Lessons.

 


Hey family, As a means of recap, here are a few lessons from the passing year that I asked for on my Instagram page and members of the MWJ family shared and I’d like to share them with you not to discourage but to strengthen you;

  • For many of us 2022 wasn’t the best but it taught me to hold onto God, I learnt that my spiritual life won’t just skyrocket on its own and I have to be intentional about it, I learnt about my power as a Christian, I learnt that God is actually ALWAYS with me. 2022 showed me that I’m a product of grace, my life was a living testimony of ‘It’s not of him that willeth nor of him that runneth but of God that showeth mercy.’
  • What I'm about to say is really deep for me but I Learnt it anyways🤷‍♀️. It goes thus: I have learnt that showing kindness to someone doesn't mean i should expect the person's kindness back to me because I realized that I will reap WHAT I'd sowed(whether good or bad) but must not be WHERE I'd sowed.
  • When i saw this, it made me think for a while and the verse that summarized it all was Proverbs 3:5-6 because each time I feel all hope is gone like all hope and I go to pray to him with the little faith I have, He always comes through for me in the way I could never think of. Indeed I can say I learnt that I should always trust in God because he can do far beyond what I think or imagine.
  • In this past year, I got tougher and a lot more mature. I learnt from mistakes, and i don't mean only my mistakes. It's a lot better to learn from others' mistakes, so that you'll prevent yourself from making the same.

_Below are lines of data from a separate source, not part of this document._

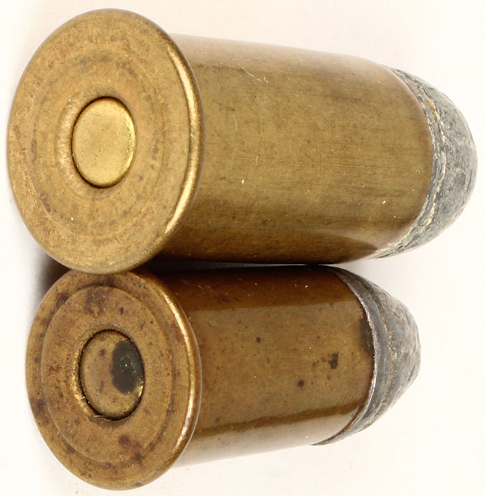 Lot of 2. (1) .58 Carbine (1.1'' case). NHS, RN lead w/ one visible groove. (1) .50 Remington Pistol. NHS. Flat tip lead. Grade: Excellent - Value: 20 to 40
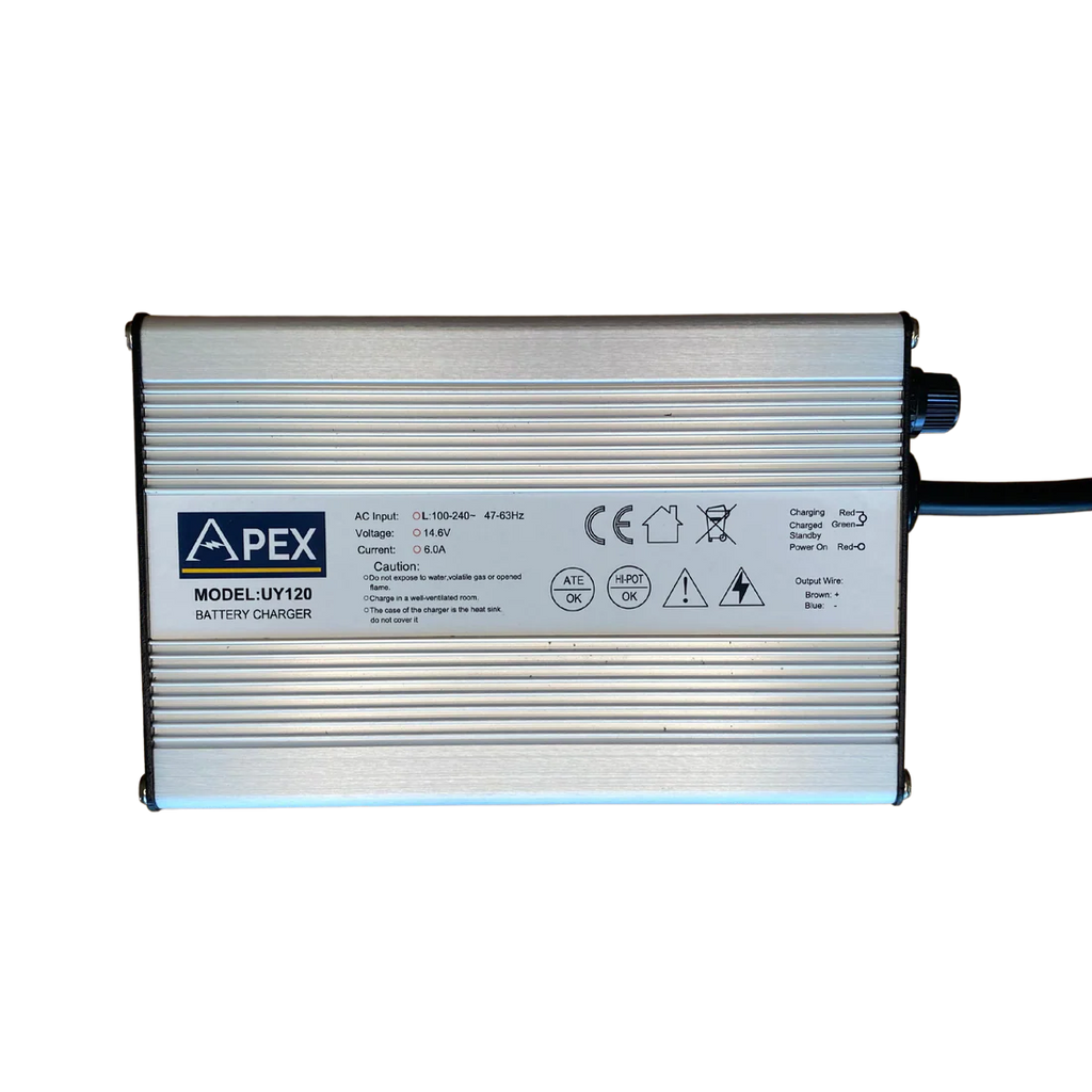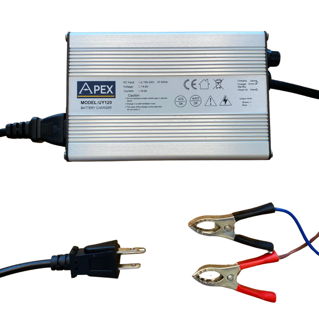 Optimize your charging process with the Apex Lithium's 12V 6A Charger, designed by industry experts for efficient and safe charging of your lithium iron phosphate batteries. With a charging rate of 6A, it effectively charges your 12V batteries, ensuring they are always ready for use.
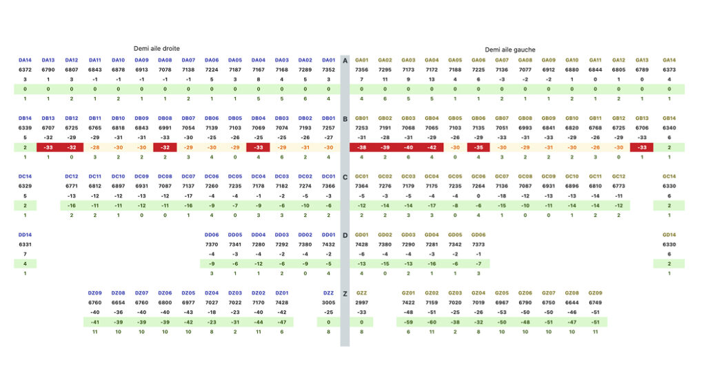 Notre logiciel, développé en interne, nous permet de calculer et visualiser les écarts de mesure, de symétrie et de calage de la voile. Il nous donne aussi depuis peu l’écart global de la voute.
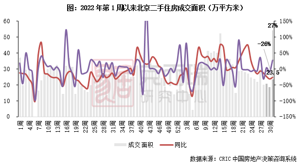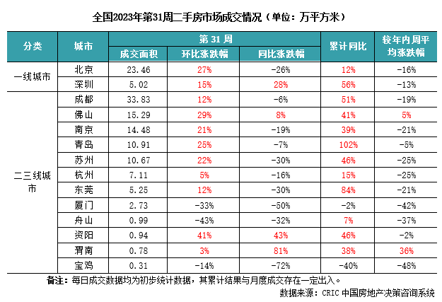 2023年第31周,北京二手房成交面积23.5万平方米,是7月以来的单周最高,环比增长27%,同比下降26%。
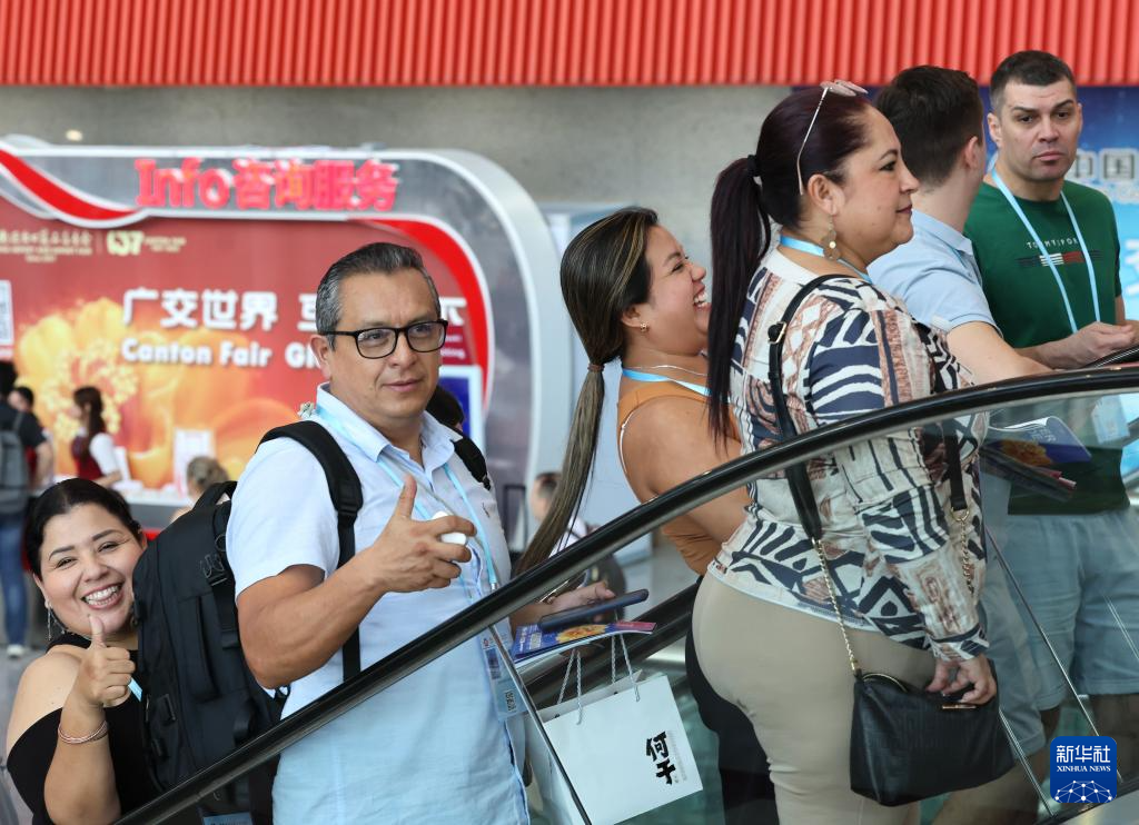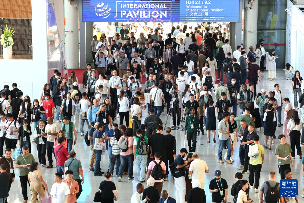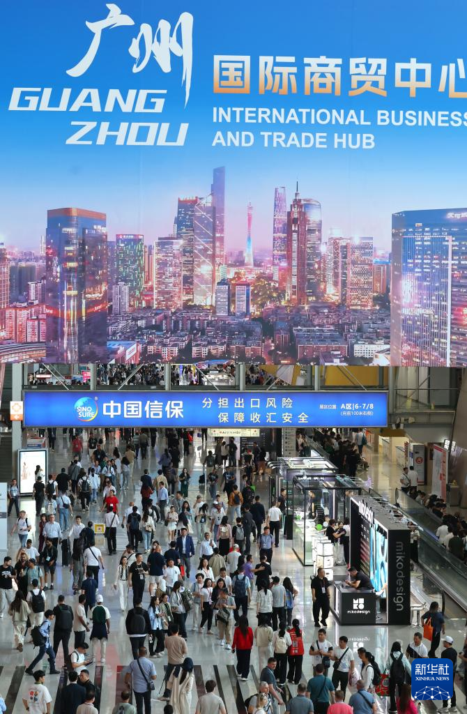 4月15日,第137届广交会开幕当天,中外客商行走在广交会场馆内。
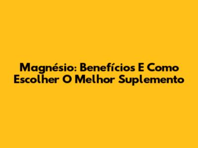 Magnésio: Benefícios E Como Escolher O Melhor Suplemento
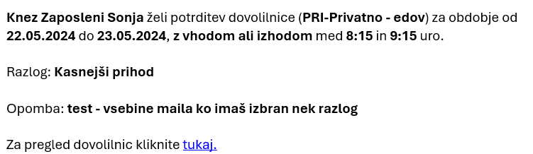 Vodje lahko v procesu odobravanja E-dovolilnic za urne odsotnosti v e-poštnem obvestilu vidijo razlog odsotnosti. Modul omogoča nastavitev različnih vrednosti razlogov, ki se samodejno vključijo v vsebino e-sporočila ob vnosu dovolilnice.
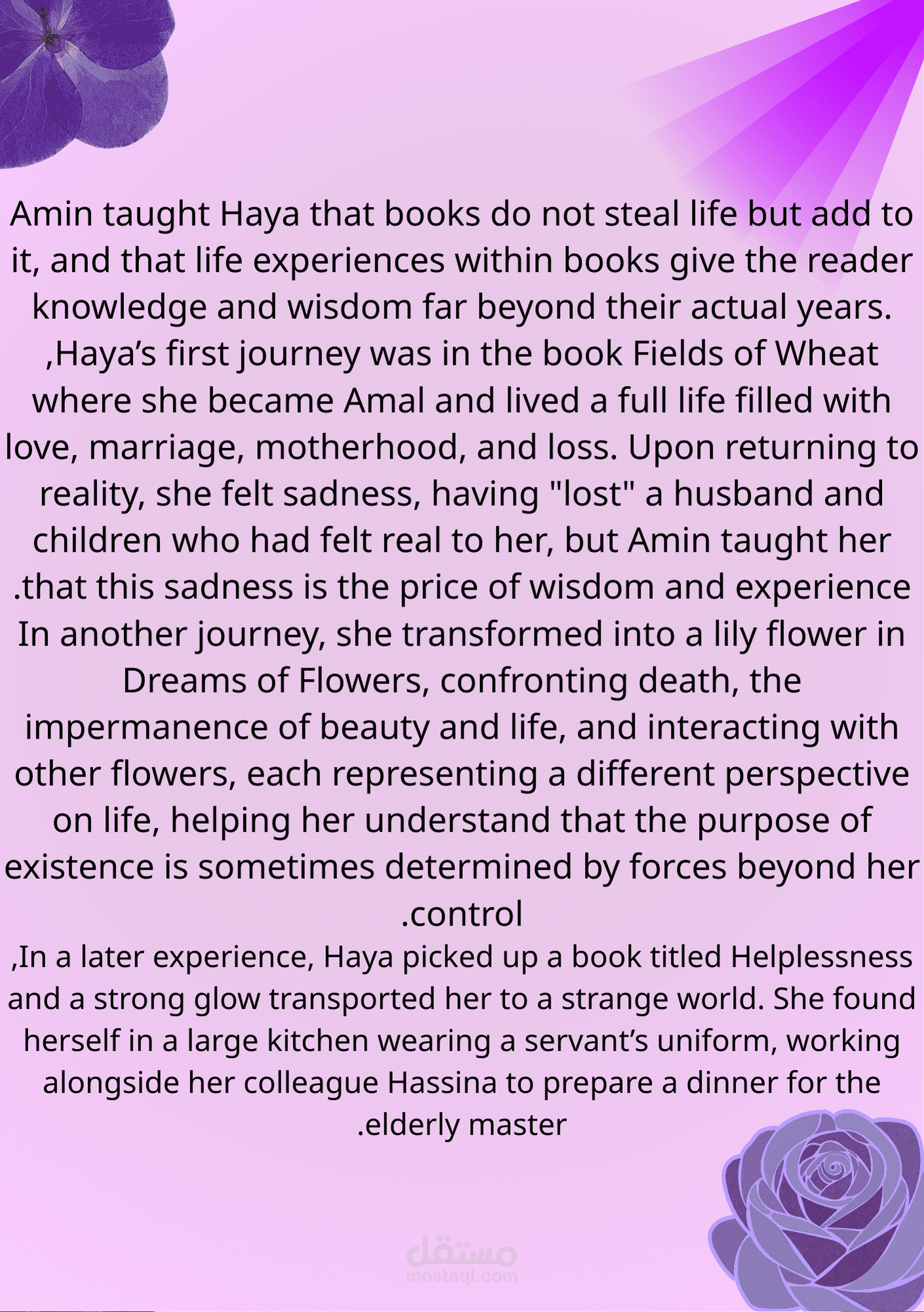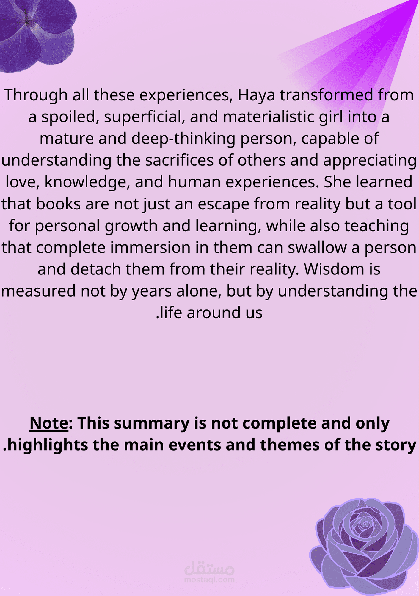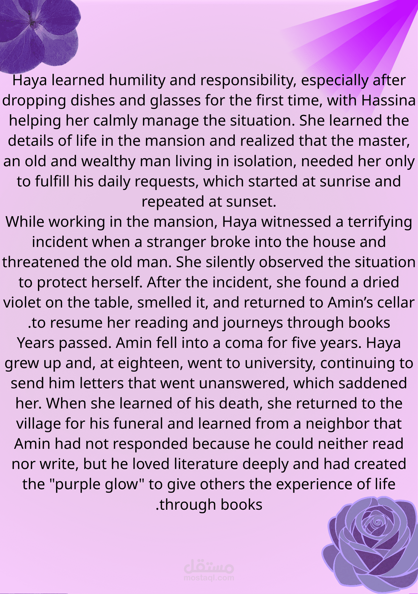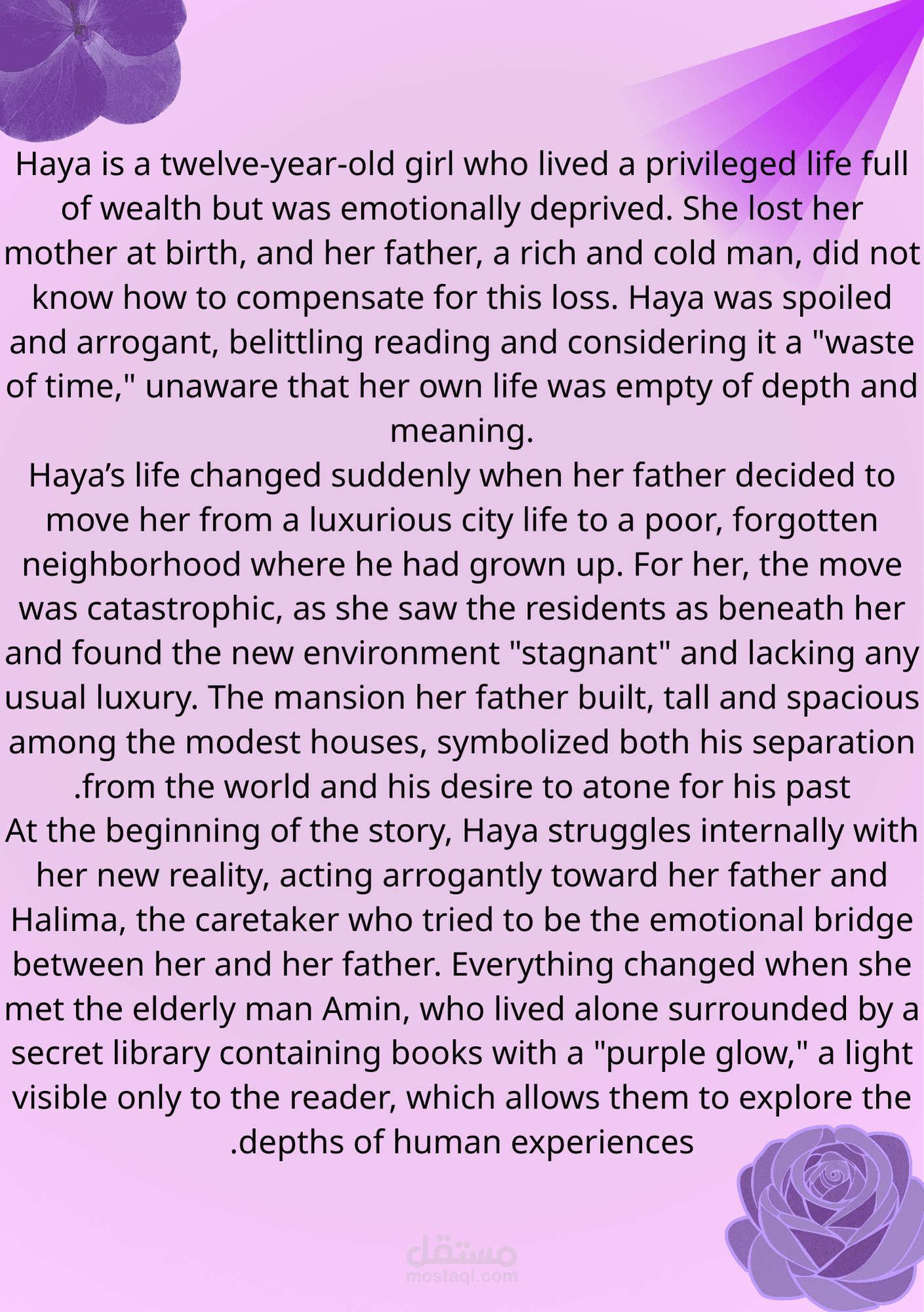 This report provides a comprehensive study of the first part of Osamah Al-Muslim’s novel Wahaj Al-Banafsaj (The Glow of Violet), focusing on the narrative, character development, symbolism, and philosophical themes. The report is based on my personal reading and in-depth understanding of the novel, highlighting the emotional experiences of the characters. This work demonstrates my skills in summarizing complex content and presenting ideas in a clear and organized manner.

I found out a lot about humans and how our relationships are very much important in our making or marring of ourselves. 

I also found how to not be discouraged in certain times, how to be the one with the upper hand in certain situations (a very tricky thing when all the odds are against you, really) and...how important God is in every aspect of your life. He, my darlings, is the main character in every story, all the while being the writer. The moment you claim to be the head, a lot of things start clashing. 

Pride, my dears, is one of the easiest ways to become an almost formidable enemy of God. Breaking it down in 2022 eased a lot of parts in my life i never knew existed. Embracing others, defining boundaries...all these were lessons taught to me, and I'm grateful for them all. 

One verse that helped me lots of times is John 14:27, where Jesus says "Peace i leave with you, my peace i give unto you. Not as the world gives, give i unto thee". 

Lots of times, it helped in calming my worried heart. 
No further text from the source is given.